# WORK TO BE COMPLETED
Your output must hold every entry exactly as written and none of the pictures.

── DATA RECORDS ──

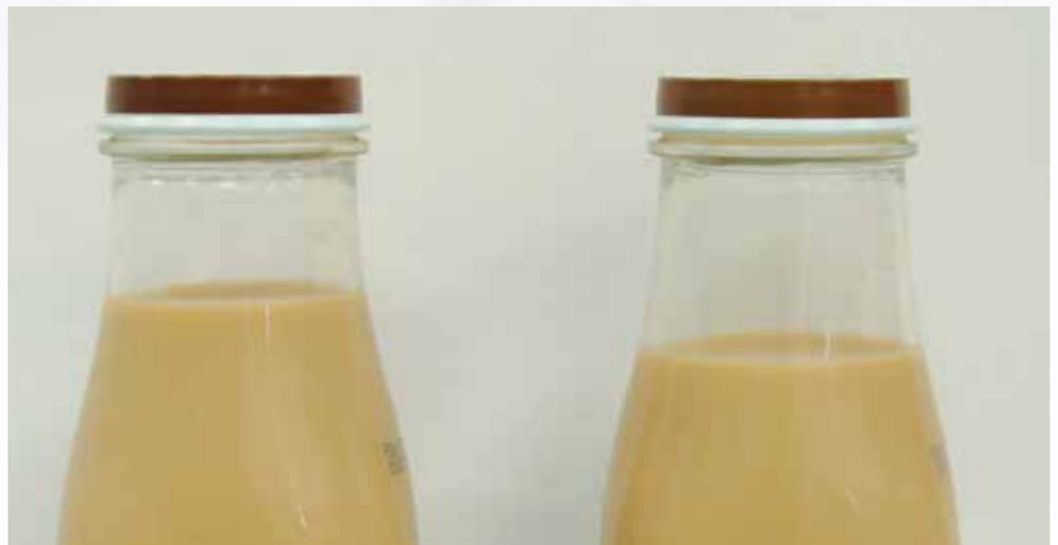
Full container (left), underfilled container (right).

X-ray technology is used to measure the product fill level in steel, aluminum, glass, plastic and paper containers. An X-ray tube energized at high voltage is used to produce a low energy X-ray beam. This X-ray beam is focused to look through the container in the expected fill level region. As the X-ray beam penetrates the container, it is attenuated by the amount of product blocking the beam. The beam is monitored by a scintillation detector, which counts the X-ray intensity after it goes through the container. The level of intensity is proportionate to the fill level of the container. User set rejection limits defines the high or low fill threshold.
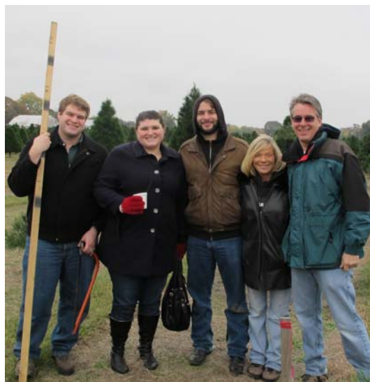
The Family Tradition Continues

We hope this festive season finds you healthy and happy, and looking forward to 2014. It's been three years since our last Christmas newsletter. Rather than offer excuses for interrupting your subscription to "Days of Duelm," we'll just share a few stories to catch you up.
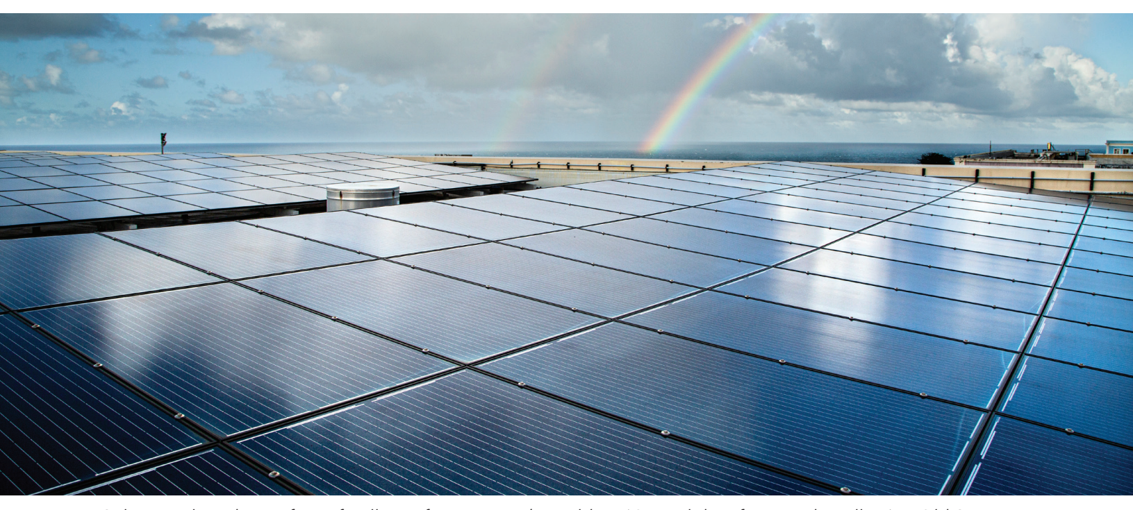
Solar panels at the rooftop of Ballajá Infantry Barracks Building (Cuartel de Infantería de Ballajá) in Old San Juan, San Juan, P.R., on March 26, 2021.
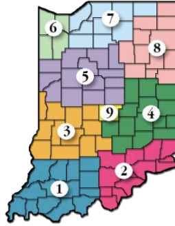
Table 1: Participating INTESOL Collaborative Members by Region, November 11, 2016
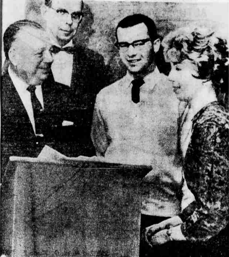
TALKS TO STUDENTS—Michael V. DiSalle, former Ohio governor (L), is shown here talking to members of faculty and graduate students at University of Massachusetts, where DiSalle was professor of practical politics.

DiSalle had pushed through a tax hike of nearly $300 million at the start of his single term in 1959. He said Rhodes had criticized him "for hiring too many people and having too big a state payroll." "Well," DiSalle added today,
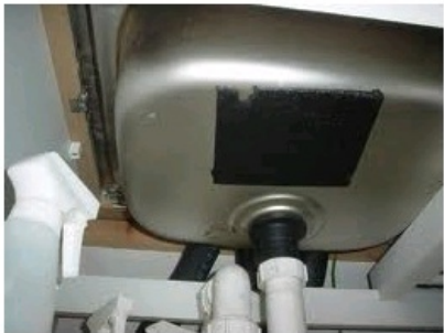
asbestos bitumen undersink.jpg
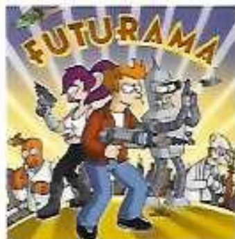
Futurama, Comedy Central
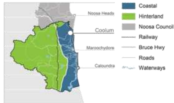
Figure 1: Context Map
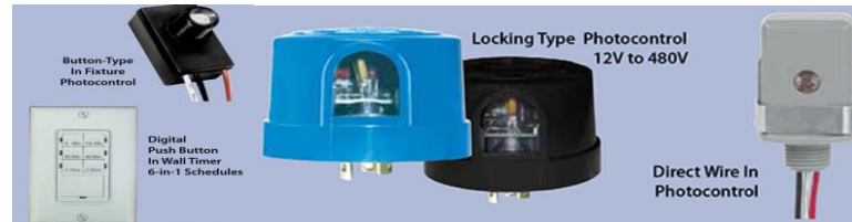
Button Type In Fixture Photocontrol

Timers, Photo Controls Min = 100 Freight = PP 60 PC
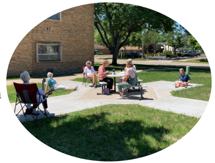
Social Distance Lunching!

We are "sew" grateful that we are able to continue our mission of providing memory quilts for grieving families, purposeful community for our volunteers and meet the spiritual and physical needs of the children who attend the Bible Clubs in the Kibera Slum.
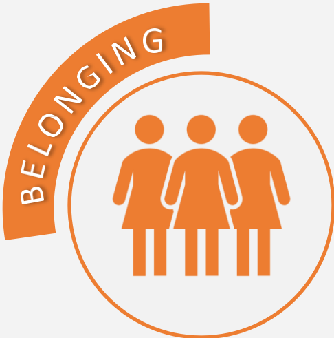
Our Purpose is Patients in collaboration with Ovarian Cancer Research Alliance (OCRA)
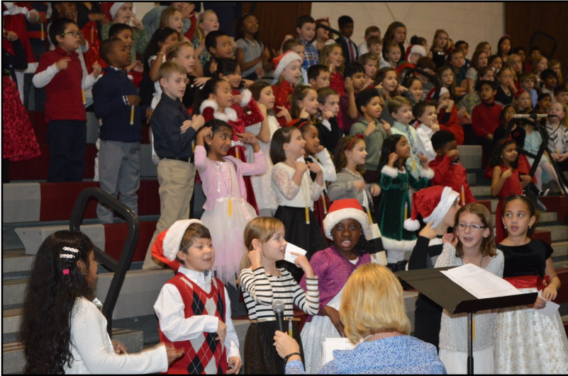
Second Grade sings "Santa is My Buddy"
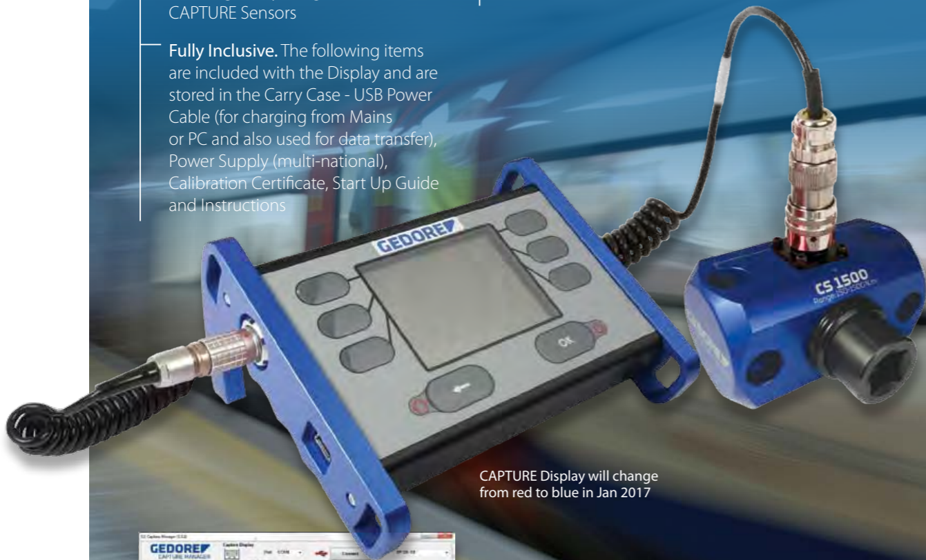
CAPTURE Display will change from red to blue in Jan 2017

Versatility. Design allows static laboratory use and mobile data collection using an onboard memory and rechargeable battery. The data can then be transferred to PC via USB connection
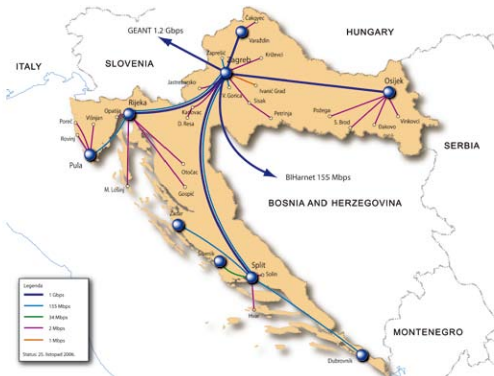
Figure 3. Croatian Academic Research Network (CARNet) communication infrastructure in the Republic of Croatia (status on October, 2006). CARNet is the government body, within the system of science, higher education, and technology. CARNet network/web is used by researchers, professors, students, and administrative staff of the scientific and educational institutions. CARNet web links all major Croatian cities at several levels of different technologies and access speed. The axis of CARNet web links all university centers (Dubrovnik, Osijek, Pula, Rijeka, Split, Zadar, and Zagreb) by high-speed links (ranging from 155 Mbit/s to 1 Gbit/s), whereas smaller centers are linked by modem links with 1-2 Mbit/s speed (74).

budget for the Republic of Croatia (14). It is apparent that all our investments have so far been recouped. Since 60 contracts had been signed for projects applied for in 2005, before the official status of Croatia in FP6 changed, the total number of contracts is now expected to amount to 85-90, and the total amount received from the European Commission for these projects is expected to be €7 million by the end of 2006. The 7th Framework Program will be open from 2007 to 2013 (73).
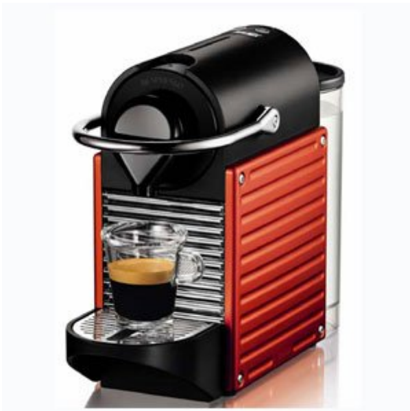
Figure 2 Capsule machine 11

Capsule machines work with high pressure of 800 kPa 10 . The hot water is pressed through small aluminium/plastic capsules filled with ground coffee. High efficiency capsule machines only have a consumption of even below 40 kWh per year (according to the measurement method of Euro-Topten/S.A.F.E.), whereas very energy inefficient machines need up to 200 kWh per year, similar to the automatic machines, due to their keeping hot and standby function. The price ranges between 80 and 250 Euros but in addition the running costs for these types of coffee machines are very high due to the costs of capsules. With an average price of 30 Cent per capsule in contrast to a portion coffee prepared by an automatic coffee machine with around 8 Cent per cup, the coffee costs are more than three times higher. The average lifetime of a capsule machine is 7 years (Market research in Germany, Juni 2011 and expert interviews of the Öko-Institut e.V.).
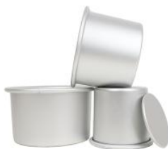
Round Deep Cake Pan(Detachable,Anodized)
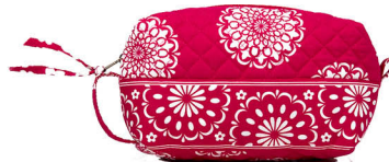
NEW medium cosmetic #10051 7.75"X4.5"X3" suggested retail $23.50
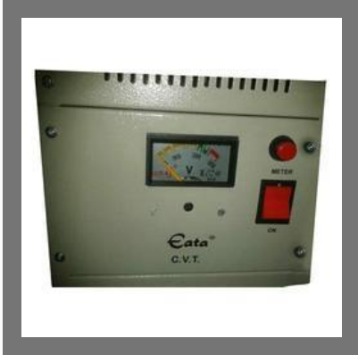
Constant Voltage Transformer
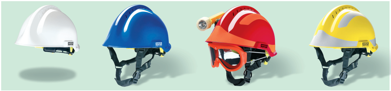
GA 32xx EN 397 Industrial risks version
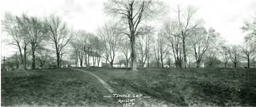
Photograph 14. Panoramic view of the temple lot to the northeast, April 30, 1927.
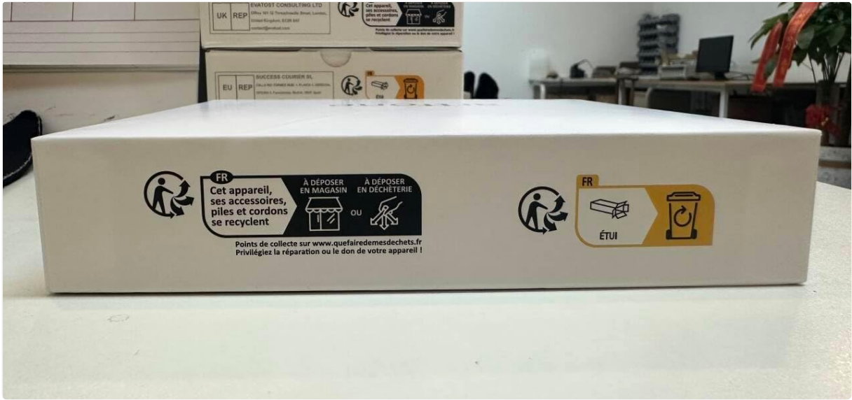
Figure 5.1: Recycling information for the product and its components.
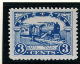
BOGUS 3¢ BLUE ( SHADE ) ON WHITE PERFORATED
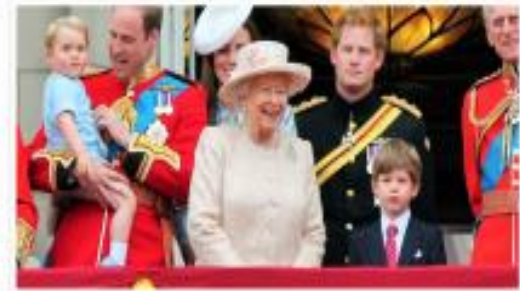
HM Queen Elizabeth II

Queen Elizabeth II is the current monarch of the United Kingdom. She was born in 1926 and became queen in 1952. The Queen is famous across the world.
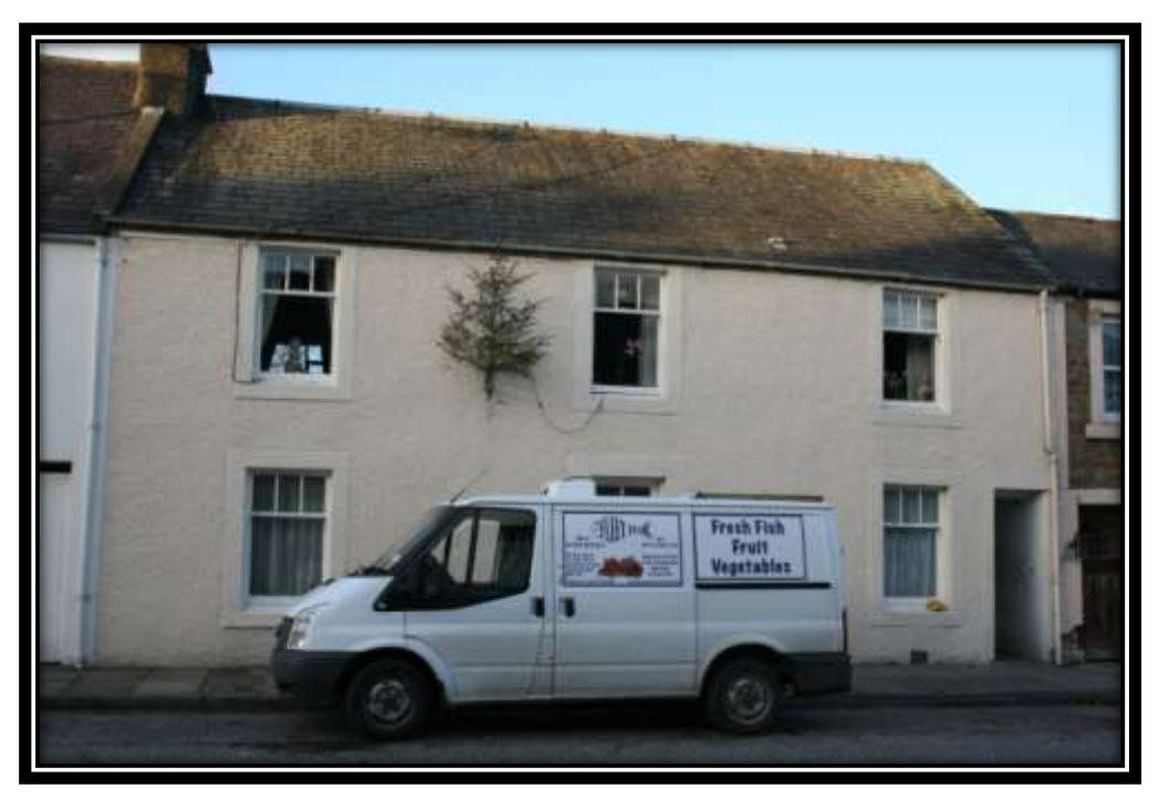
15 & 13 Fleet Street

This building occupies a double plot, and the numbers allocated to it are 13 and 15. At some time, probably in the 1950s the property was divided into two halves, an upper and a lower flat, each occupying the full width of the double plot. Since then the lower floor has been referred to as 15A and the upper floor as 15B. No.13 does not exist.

───

# TASK OUTPUT
Full container (left), underfilled container (right).

X-ray technology is used to measure the product fill level in steel, aluminum, glass, plastic and paper containers. An X-ray tube energized at high voltage is used to produce a low energy X-ray beam. This X-ray beam is focused to look through the container in the expected fill level region. As the X-ray beam penetrates the container, it is attenuated by the amount of product blocking the beam. The beam is monitored by a scintillation detector, which counts the X-ray intensity after it goes through the container. The level of intensity is proportionate to the fill level of the container. User set rejection limits defines the high or low fill threshold.
The Family Tradition Continues

We hope this festive season finds you healthy and happy, and looking forward to 2014. It's been three years since our last Christmas newsletter. Rather than offer excuses for interrupting your subscription to "Days of Duelm," we'll just share a few stories to catch you up.
Solar panels at the rooftop of Ballajá Infantry Barracks Building (Cuartel de Infantería de Ballajá) in Old San Juan, San Juan, P.R., on March 26, 2021.
Table 1: Participating INTESOL Collaborative Members by Region, November 11, 2016
TALKS TO STUDENTS—Michael V. DiSalle, former Ohio governor (L), is shown here talking to members of faculty and graduate students at University of Massachusetts, where DiSalle was professor of practical politics.

DiSalle had pushed through a tax hike of nearly $300 million at the start of his single term in 1959. He said Rhodes had criticized him "for hiring too many people and having too big a state payroll." "Well," DiSalle added today,
asbestos bitumen undersink.jpg
Futurama, Comedy Central
Figure 1: Context Map
Button Type In Fixture Photocontrol

Timers, Photo Controls Min = 100 Freight = PP 60 PC
Social Distance Lunching!

We are "sew" grateful that we are able to continue our mission of providing memory quilts for grieving families, purposeful community for our volunteers and meet the spiritual and physical needs of the children who attend the Bible Clubs in the Kibera Slum.
Our Purpose is Patients in collaboration with Ovarian Cancer Research Alliance (OCRA)
Second Grade sings "Santa is My Buddy"
CAPTURE Display will change from red to blue in Jan 2017

Versatility. Design allows static laboratory use and mobile data collection using an onboard memory and rechargeable battery. The data can then be transferred to PC via USB connection
Figure 3. Croatian Academic Research Network (CARNet) communication infrastructure in the Republic of Croatia (status on October, 2006). CARNet is the government body, within the system of science, higher education, and technology. CARNet network/web is used by researchers, professors, students, and administrative staff of the scientific and educational institutions. CARNet web links all major Croatian cities at several levels of different technologies and access speed. The axis of CARNet web links all university centers (Dubrovnik, Osijek, Pula, Rijeka, Split, Zadar, and Zagreb) by high-speed links (ranging from 155 Mbit/s to 1 Gbit/s), whereas smaller centers are linked by modem links with 1-2 Mbit/s speed (74).

budget for the Republic of Croatia (14). It is apparent that all our investments have so far been recouped. Since 60 contracts had been signed for projects applied for in 2005, before the official status of Croatia in FP6 changed, the total number of contracts is now expected to amount to 85-90, and the total amount received from the European Commission for these projects is expected to be €7 million by the end of 2006. The 7th Framework Program will be open from 2007 to 2013 (73).
Figure 2 Capsule machine 11

Capsule machines work with high pressure of 800 kPa 10 . The hot water is pressed through small aluminium/plastic capsules filled with ground coffee. High efficiency capsule machines only have a consumption of even below 40 kWh per year (according to the measurement method of Euro-Topten/S.A.F.E.), whereas very energy inefficient machines need up to 200 kWh per year, similar to the automatic machines, due to their keeping hot and standby function. The price ranges between 80 and 250 Euros but in addition the running costs for these types of coffee machines are very high due to the costs of capsules. With an average price of 30 Cent per capsule in contrast to a portion coffee prepared by an automatic coffee machine with around 8 Cent per cup, the coffee costs are more than three times higher. The average lifetime of a capsule machine is 7 years (Market research in Germany, Juni 2011 and expert interviews of the Öko-Institut e.V.).
Round Deep Cake Pan(Detachable,Anodized)
NEW medium cosmetic #10051 7.75"X4.5"X3" suggested retail $23.50
Constant Voltage Transformer
GA 32xx EN 397 Industrial risks version
Photograph 14. Panoramic view of the temple lot to the northeast, April 30, 1927.
Figure 5.1: Recycling information for the product and its components.
BOGUS 3¢ BLUE ( SHADE ) ON WHITE PERFORATED
HM Queen Elizabeth II

Queen Elizabeth II is the current monarch of the United Kingdom. She was born in 1926 and became queen in 1952. The Queen is famous across the world.
15 & 13 Fleet Street

This building occupies a double plot, and the numbers allocated to it are 13 and 15. At some time, probably in the 1950s the property was divided into two halves, an upper and a lower flat, each occupying the full width of the double plot. Since then the lower floor has been referred to as 15A and the upper floor as 15B. No.13 does not exist.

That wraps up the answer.